Do you own a business? Have you used borrowed money for funding the enterprise? If you're considering refinancing any commercial mortgage that you may have, a number of factors should be considered to ensure that you're making the best decision for your operation. You'll need to sufficiently answer the following questions:

  • Will you be able to get extra cash? If yours is like most businesses, you always have a need for extra cash, whether it's for renovating, additional inventory, expansion or some other expense. If you can get extra operating capital from a commercial mortgage refinance, it may be very beneficial to you and your company.
  • Will there be limitations on how I use the cash? Make sure you check with your lending institution to find out if there are any restrictions dictating how the funds must be spent. Some lending institutions set limitations, whereas others may adopt the opinion that it's your business and your money (though you, of course, must pay it back) to be spent however you see fit.
  • Will my interest rate and/or payment be lower with a refinance? Many people refinance their commercial mortgage loan with the sole intention of reducing their monthly payment or taking advantage of lower interest rates. If you can do this with a refinance, you'll likely be making a wise choice. If you want lower payments, you can request the loan be extended for a longer term than the original loan.
  • Will there be a balloon payment? Although there may be a handful of people that that don't mind balloon payments, most business owners prefer to have their commercial loan amortized over a certain period without having to worry about refinancing every 36 months – or whenever the balloon payment comes due. Balloon mortgages can be beneficial if market rates are high or your credit bad when you first sign the agreement, but they can be quite dangerous and should only be used with the utmost care.
  • Are there any options available for commercial refinancing if I (and/or the business) have bad credit? You'll find that most banks and lending institutions today have options for bad credit borrowers. Your interest rate may be a bit higher than normal, but most lenders will work with individuals with bad credit as long as good collateral is available.
  • What will my out-of-pocket expenses be?
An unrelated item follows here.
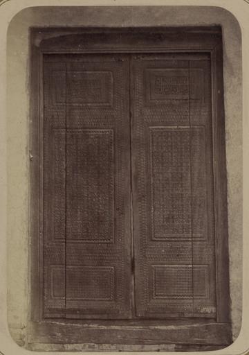 | Keywords: Antiquities of Samarkand. Madrasah of Tillia Kari. Main Facade (Southern). Door to the Inner Courtyard WDL3839.png Artwork ru Богаевский иколай Владими ович 1843 1912 гг fr Bogaevskii Nikolaï V 1843-1912 en Bogaevskii Nikolai V 1843-1912 zh 亚历山大·L· ,1840-1888 年 pt Bogaevskii Nikolai V 1843-1912 ar بوغافسكي، نيكولاي ف ، 1843-1912 es Bogaevskii Nikolai V 1843-1912 ru Сама кандские д евности ед есе Тилля-Ка и Главный фасад южный Две ь во внут енний дво fr Antiquités de Samarcande Madrasa de Tillia Kari Façade principale sud Porte de la cour intérieure en Antiquities of Samarkand Madrasah of Tillia Kari Main Facade Southern Door to the Inner Courtyard zh 撒马尔罕古迹 提利娅·卡里伊斯兰教学校 主立 (南侧) 内部庭院的门 pt Antiguidades de Samarcanda Madrassa Tillia Kari Fachada principal sul Porta para o pátio interno ar آثار سمرقند مدرسة تِلْيَا كَرِى الواجهة الرئيسية الجنوبية باب يؤدي إلى الفناء الداخلي ru Эта фотог афия две и главного входа в мед есе Тилля-Ка и в Сама канде Узбекистан соде жится в а хеологической части <em> Ту кестанского альбома </em> Шеститомное фотог афическое исследование было подготовлено и издано в 1871 1872 гг под пат онажем гене ала Константина П фон Кауфмана пе вого гене ал-губе нато а 1867 1882 гг Ту кестана как называли в то в емя те ито ию Цент альной Азии п инадлежавшую Российской импе ии В альбоме уделяется особое внимание исламской а хитекту е Сама канда в том числе памятникам XIV и XV вв пе иода п авления Тиму а Таме лана и его п еемников В цент е Сама канда находится ансамбль Регистан объединяющий в себе т и основных об азца <em>madrasah</em> мед есе елигиозных школ Т етья часть Регистана мед есе Тилля-Ка и была пост оена в 1646 1660 гг на месте бывшего ка аван-са ая Вход в п ямоугольный дво об амлен ог омным <em>айваном</em> сводчатым залом с одним отк ытым концом ок уженным с т ех сто он стенами с каждой сто оны кото ого асположена двухэтажная сводчатая гале ея а фотог афии показана де евянная две ь в нише айвана Панели две и пок ыты замысловатой ельефной езьбой с геомет ическими и ботаническими мотивами Ве хние го изонтальные панели соде жат езные полосы с надписями в укописном стиле а обеих ство ках две и видны ве тикальные щели ство ки были ук еплены металлическими полосами све ху и снизу <br>А хитекту ные ук ашения и деко ативные элементы; Две и и две ные п оемы; Исламская а хитекту а; ед есе; Фотог афические исследования fr Cette photographie de la porte de l'entrée principale de la madrasa de Tillia Kari à Samarcande Ouzbékistan est extraite de l'ouvrage archéologique <em>Album du Turkestan</em> Cet inventaire photographique en six volumes fut réalisé entre 1871 et 1872 sous le patronage du général Konstantin P von Kaufman premier gouverneur général 1867-1882 du Turkestan nom donné aux territoires d'Asie centrale de l'Empire russe L'album consacre une attention particulière à l'architecture islamique de Samarcande avec notamment des monuments datant des XIV<sup>e</sup> et XV<sup>e</sup> siècles lors du règne de Tamerlan et de ses successeurs Situé au centre de Samarcande l'ensemble du Registan est composé de trois exemples majeurs de <em>madrasa</em> école religieuse Le troisième composant du Registan la madrasa de Tillia Kari fut construit entre 1646 et 1660 sur le site d'un ancien caravansérail L'entrée de la cour rectangulaire est abritée par un grand <em>aivan</em> salle voûtée dotée de trois murs et d'un côté ouvert encadré des deux côtés d'une arcade à deux étages Cette photographie présente la porte en bois située dans la niche de l'aivan Les panneaux de la porte sont recouverts de gravures en relief complexes formant des motifs géométriques et à fleurs La partie supérieure des panneaux horizontaux est décorée de bandes d'inscription en style cursif Présentant des fissures verticales le haut et le bas des deux battants de la porte ont été renforcés par des pièces métalliques <br>Décorations et ornements architecturaux; Portes et seuils; Architecture islamique; Madrasas; Inventaires photographiques en This photograph of the door of the main entrance to the Tillia Kari Madrasah in Samarkand Uzbekistan is from the archeological part of <em>Turkestan Album</em> The six-volume photographic survey was produced in 1871-72 under the patronage of General Konstantin P von Kaufman the first governor-general 1867-82 of Turkestan as the Russian Empire s Central Asian territories were called The album devotes special attention to Samarkand s Islamic architecture such as 14th- and 15th-century monuments from the reign of Timur Tamerlane and his successors I

You can expect to pay closing expenses that may include an appraisal, title insurance (if property is involved), points, loan documentation fees and other costs. If you don't take out extra cash, your outlay may be minimal, but when cash is taken back it's generally treated as a new loan rather than a refinance.
  • Will there be a requirement for monthly or annual reporting? Some banks do require this type of reporting, and if you fail to comply you'll be in default of your loan agreement.
  • What are the 'Loan-to-Value' Limits? Depending on the lender and program, the loan-to-value limits may be as low as 50% or as high as 97%.
  • What will the borrowing limit be? The borrowing limits for commercial mortgage refinancing are usually lower than those of outright commercial purchases, typically in the $1- to $1.5 million range.